Ben Bajarin is a Principal Analyst and the head of primary research at Creative Strategies, Inc - An industry analysis, market intelligence and research firm located in Silicon Valley. His primary focus is consumer technology and market trend research and he is responsible for studying over 30 countries. Full Bio

3 thoughts on “The Amazing Facebook: A Once in a Generation Company”

  1. And you didn’t even mention Oculus which I’m convinced will be a household name before the decade is out. I for one look forward to touring the pyramids of Egypt and Great Wall without leaving my office.

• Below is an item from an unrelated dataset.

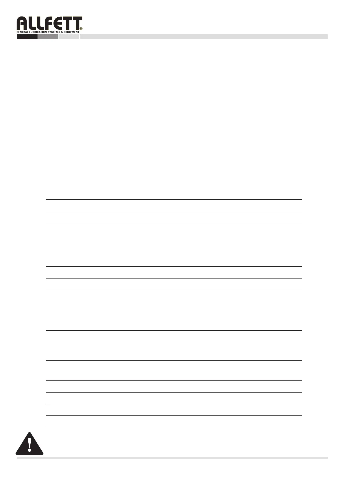 level of grease. In case the pump is installed so that operator cannot see the level of grease the ALLFETT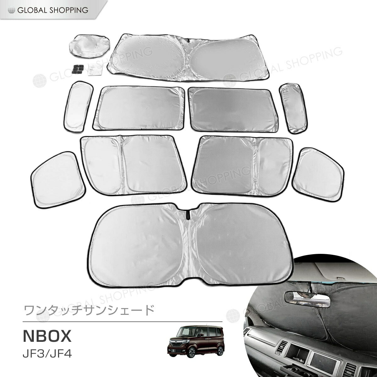 ホンダのNーBOX専用設計のサンシェードで10枚のセットで車中泊などの使用にもぴったりで保温効果もあって使いやすいです。

    Zuckerberg is one of those rare guys who can see around corners (Steve Jobs was another one). People question some of the deals he makes (WhatsApp, Instagram). Given enough time, most of these deals will make perfect sense.

  2. I’m really ambivalent about FB and the other proprietary services running on top of the Internet. Just today there was the story of a guy who got hacked, then got his account back, but empty, he lost 9yrs of posts, friends, likes…
    I’m trying to find an analogy to the proprietarization of the Internet…. Oh, 20th century telecoms: global infrastructure with a “public” taste (subsidies, right of way, regulations…), but de facto private monopoly operators extracting rent like crazy. This time around the rent is not monetary but in terms of lock-in and data siphoning, but I think the underlying mechanism is the same.
    I’ll bet you after a few crises and, alas for me, in a few decades, the virtual social infrastructure of the Internet will evolve the same way telecoms did, with forced interoperability (ie, shared logins, standard formats protocols and APIs) and behemoths broken up. After a while the pace of innovations slows down, incumbents become reactionary and market failures (ie, monopolies) become painful. FB is today’s 1950 AT&T.